ACTIVITY -> Only one stretch of the data below is wanted: the lines starting at the one with "И врезался в" and ending at the one with "la preside Iossa.", both included, given again exactly.

SOURCE DATA ->

━━━

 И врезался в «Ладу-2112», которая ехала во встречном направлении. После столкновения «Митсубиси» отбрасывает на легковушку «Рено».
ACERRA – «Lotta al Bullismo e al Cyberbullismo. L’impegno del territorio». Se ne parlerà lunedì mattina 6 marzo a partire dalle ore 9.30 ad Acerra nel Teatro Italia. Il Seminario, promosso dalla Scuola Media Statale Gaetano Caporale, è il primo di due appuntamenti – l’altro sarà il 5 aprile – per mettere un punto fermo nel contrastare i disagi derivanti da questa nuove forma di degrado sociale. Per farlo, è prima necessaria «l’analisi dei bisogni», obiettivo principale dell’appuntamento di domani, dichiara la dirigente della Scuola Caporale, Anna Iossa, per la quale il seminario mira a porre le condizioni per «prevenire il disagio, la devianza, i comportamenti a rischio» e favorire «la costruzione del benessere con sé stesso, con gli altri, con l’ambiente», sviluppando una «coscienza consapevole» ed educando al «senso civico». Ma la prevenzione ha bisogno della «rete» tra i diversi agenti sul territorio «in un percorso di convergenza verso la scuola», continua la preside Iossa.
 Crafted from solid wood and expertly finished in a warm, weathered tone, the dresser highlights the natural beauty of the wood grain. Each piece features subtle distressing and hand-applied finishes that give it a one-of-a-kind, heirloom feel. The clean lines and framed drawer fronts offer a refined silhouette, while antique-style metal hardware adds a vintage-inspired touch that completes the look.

━━━

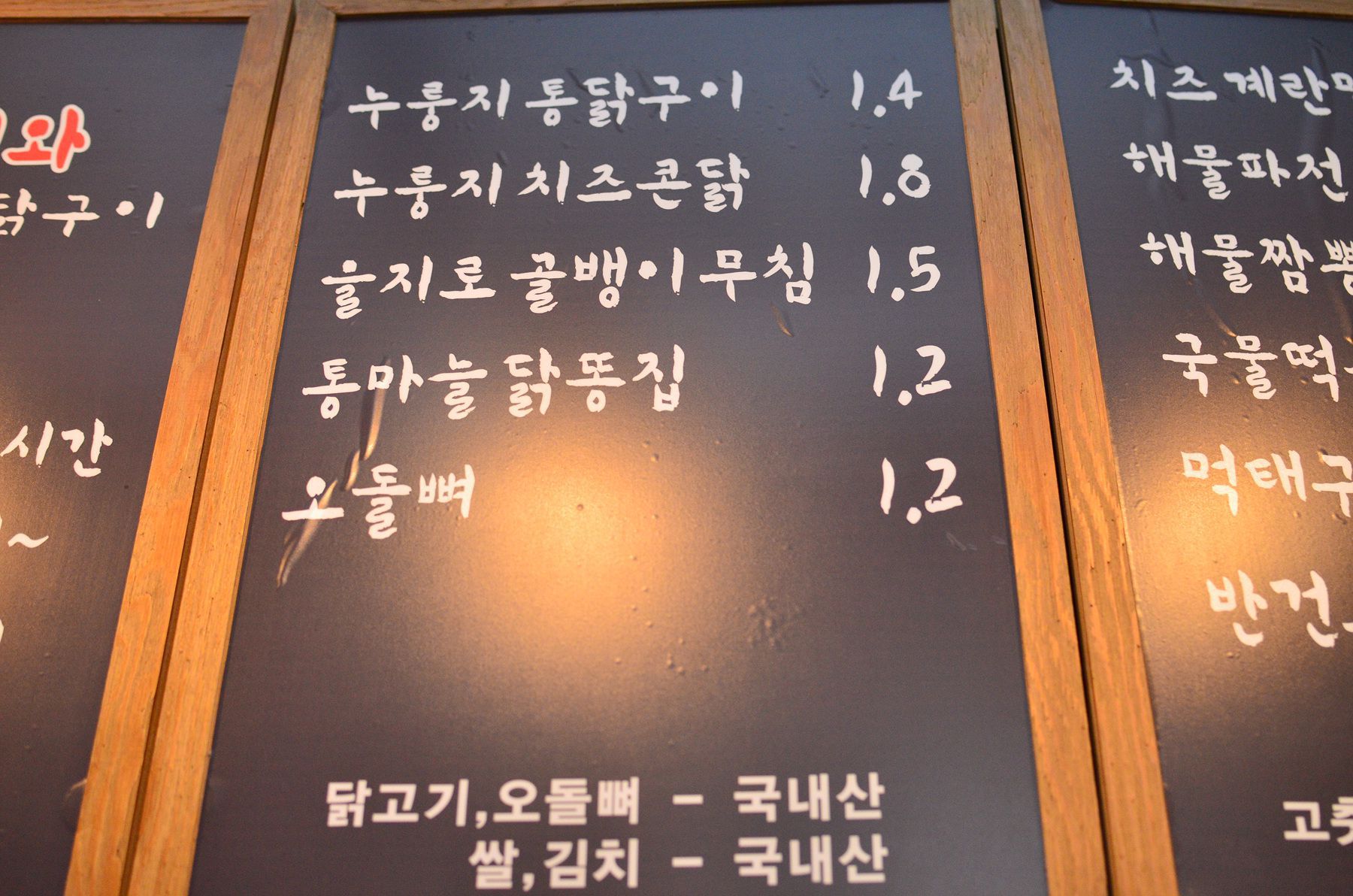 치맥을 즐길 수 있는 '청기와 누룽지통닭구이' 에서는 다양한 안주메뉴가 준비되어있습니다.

━━━

EXERCISE OUTPUT ->
 И врезался в «Ладу-2112», которая ехала во встречном направлении. После столкновения «Митсубиси» отбрасывает на легковушку «Рено».
ACERRA – «Lotta al Bullismo e al Cyberbullismo. L’impegno del territorio». Se ne parlerà lunedì mattina 6 marzo a partire dalle ore 9.30 ad Acerra nel Teatro Italia. Il Seminario, promosso dalla Scuola Media Statale Gaetano Caporale, è il primo di due appuntamenti – l’altro sarà il 5 aprile – per mettere un punto fermo nel contrastare i disagi derivanti da questa nuove forma di degrado sociale. Per farlo, è prima necessaria «l’analisi dei bisogni», obiettivo principale dell’appuntamento di domani, dichiara la dirigente della Scuola Caporale, Anna Iossa, per la quale il seminario mira a porre le condizioni per «prevenire il disagio, la devianza, i comportamenti a rischio» e favorire «la costruzione del benessere con sé stesso, con gli altri, con l’ambiente», sviluppando una «coscienza consapevole» ed educando al «senso civico». Ma la prevenzione ha bisogno della «rete» tra i diversi agenti sul territorio «in un percorso di convergenza verso la scuola», continua la preside Iossa.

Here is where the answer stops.